Time: 2:00 pm – 3:00 pm
Location: Arora 16/17 Masterclass
This session is only bookable for those that have a confirmed place at Women in Data
This session has a limit of 130 spaces, please log in to your Women in Data account to register for a place.
Session title: Causality and Fairness in Machine Learning Projects
Speakers: Nisara Sriwattanaworachai and Dr Ines Marusic, Data Scientists, from QuantumBlack, Al by McKinsey
During this session Nisara will be presenting and discussing with the audience ‘Causality in machine Learning projects’. As we know, more and more organisations are using machine learning to help make business decisions. In this type of problem performance of models is no longer the only concern. In many machine learning projects, it is crucial to distinguish between events that cause outcomes and those that merely correlate. Nisara will discuss the concept of causality and how we use this to generate deeper insights for our clients.

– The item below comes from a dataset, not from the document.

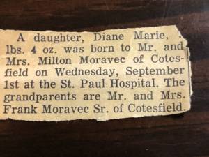 Fifty-three years ago this summer, I took my time in typical diva fashion to emerge into this world, arriving three weeks late, at 3:30 in the morning. My college journalism professors would be proud, since I still have the newspaper clipping from the Howard County, Nebraska, edition of “The Phonograph Herald,” announcing my birth. By the way, I weighed 7 lbs., 4 oz. at birth, not 4 oz. My birth announcement is no doubt the only time in my life when I will happily publicly disclose my weight.

Next, Viktoriia will be presenting on ‘Fairness in machine learning projects’. With an increasing number of machine learning projects in areas such as banking, finance, and pharmaceuticals, models are being applied to make decisions that can severely effect people’s lives. Unfortunately, the data in these domains often contains bias that exists in our society. The goal of algorithmic fairness is to ensure machine learning models make fair predictions devoid of discrimination. This presentation will show the full fairness pipeline from bias detection to evaluation of the model’s fairness to post-processing, to make the model’s predictions fairer using the example of a pharmaceutical case study.
During this workshop there will be opportunities for smaller problem solving discussions, on these topics, within the audience.